REQUIRED WORK | Each record below is to be copied word for word, with pictures removed.

(AVAILABLE RECORDS begins)

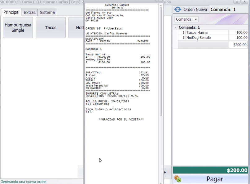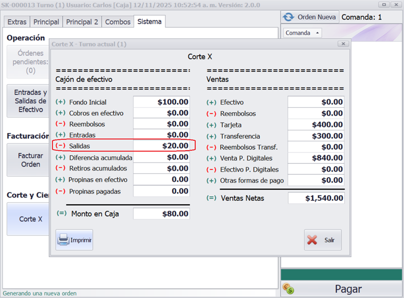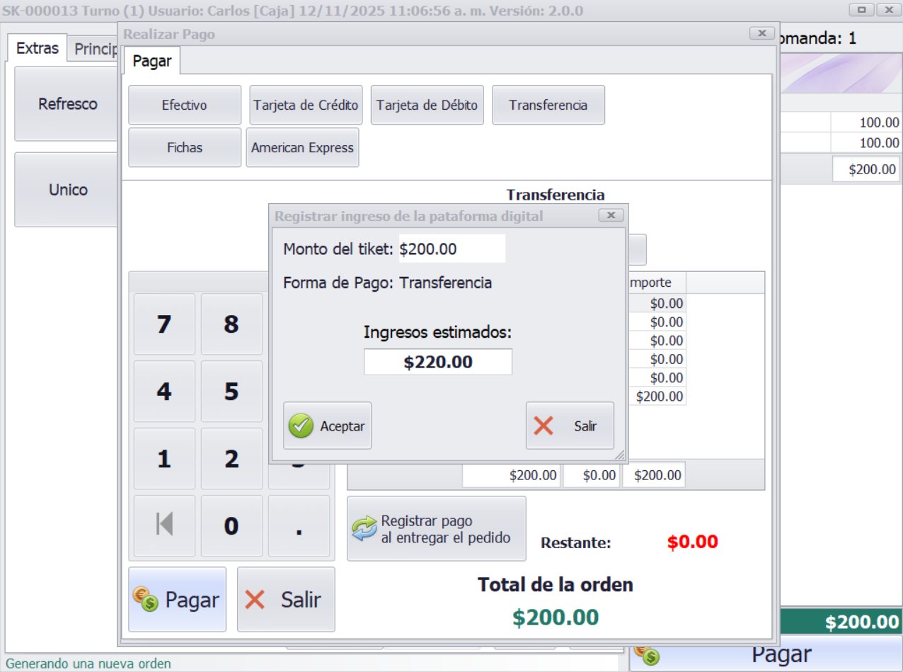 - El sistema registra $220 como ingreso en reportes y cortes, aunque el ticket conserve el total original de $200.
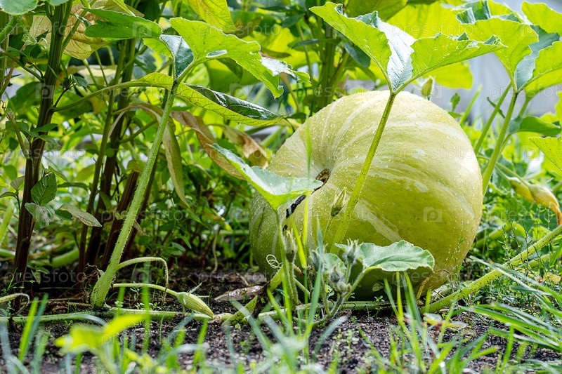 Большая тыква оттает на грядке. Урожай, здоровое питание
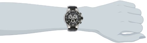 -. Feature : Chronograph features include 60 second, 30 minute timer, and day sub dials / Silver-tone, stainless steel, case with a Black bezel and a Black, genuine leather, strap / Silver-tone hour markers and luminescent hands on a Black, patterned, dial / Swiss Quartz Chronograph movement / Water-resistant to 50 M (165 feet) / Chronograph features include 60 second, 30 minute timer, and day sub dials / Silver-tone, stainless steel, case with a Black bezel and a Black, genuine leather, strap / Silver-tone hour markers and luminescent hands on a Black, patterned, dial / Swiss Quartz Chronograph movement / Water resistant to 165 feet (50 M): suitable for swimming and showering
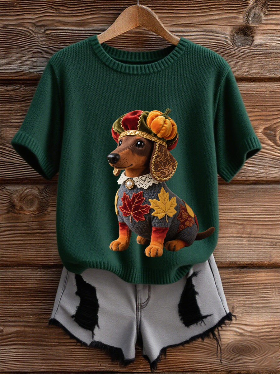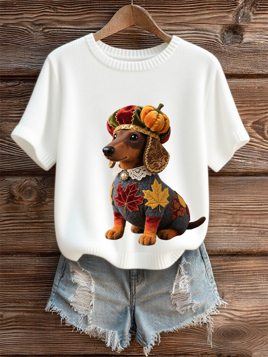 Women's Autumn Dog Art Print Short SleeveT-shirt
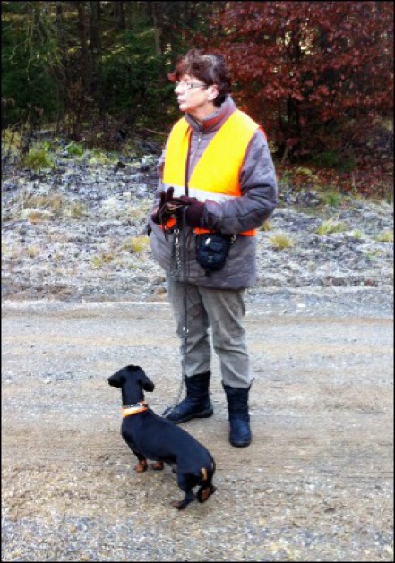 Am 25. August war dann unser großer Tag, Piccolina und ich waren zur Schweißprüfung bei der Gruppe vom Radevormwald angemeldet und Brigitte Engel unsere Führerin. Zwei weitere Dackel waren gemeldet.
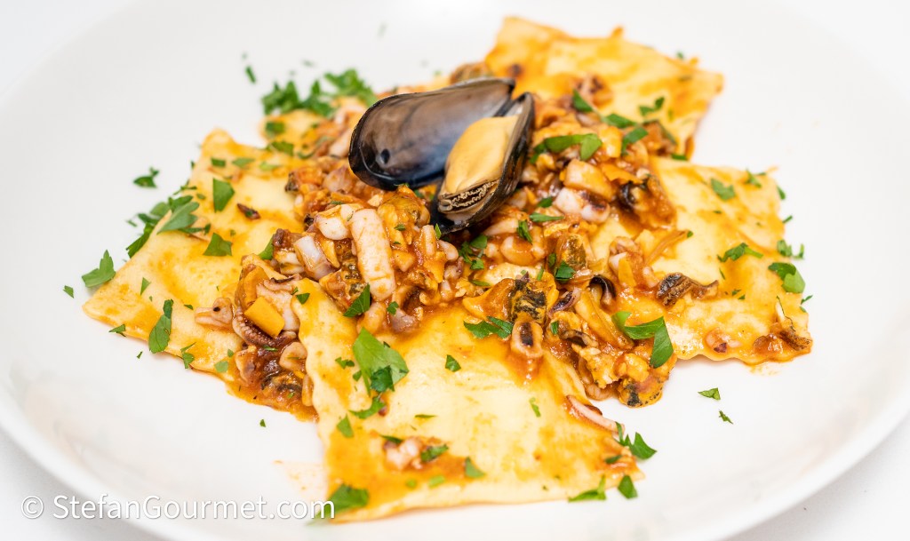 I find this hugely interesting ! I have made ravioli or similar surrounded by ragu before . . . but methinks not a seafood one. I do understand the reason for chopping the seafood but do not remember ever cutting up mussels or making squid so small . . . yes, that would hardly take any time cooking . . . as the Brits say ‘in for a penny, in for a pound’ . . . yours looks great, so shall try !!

(AVAILABLE RECORDS ends)

FINISHED EXERCISE |
 - El sistema registra $220 como ingreso en reportes y cortes, aunque el ticket conserve el total original de $200.
 Большая тыква оттает на грядке. Урожай, здоровое питание
 -. Feature : Chronograph features include 60 second, 30 minute timer, and day sub dials / Silver-tone, stainless steel, case with a Black bezel and a Black, genuine leather, strap / Silver-tone hour markers and luminescent hands on a Black, patterned, dial / Swiss Quartz Chronograph movement / Water-resistant to 50 M (165 feet) / Chronograph features include 60 second, 30 minute timer, and day sub dials / Silver-tone, stainless steel, case with a Black bezel and a Black, genuine leather, strap / Silver-tone hour markers and luminescent hands on a Black, patterned, dial / Swiss Quartz Chronograph movement / Water resistant to 165 feet (50 M): suitable for swimming and showering
 Women's Autumn Dog Art Print Short SleeveT-shirt
 Am 25. August war dann unser großer Tag, Piccolina und ich waren zur Schweißprüfung bei der Gruppe vom Radevormwald angemeldet und Brigitte Engel unsere Führerin. Zwei weitere Dackel waren gemeldet.
 I find this hugely interesting ! I have made ravioli or similar surrounded by ragu before . . . but methinks not a seafood one. I do understand the reason for chopping the seafood but do not remember ever cutting up mussels or making squid so small . . . yes, that would hardly take any time cooking . . . as the Brits say ‘in for a penny, in for a pound’ . . . yours looks great, so shall try !!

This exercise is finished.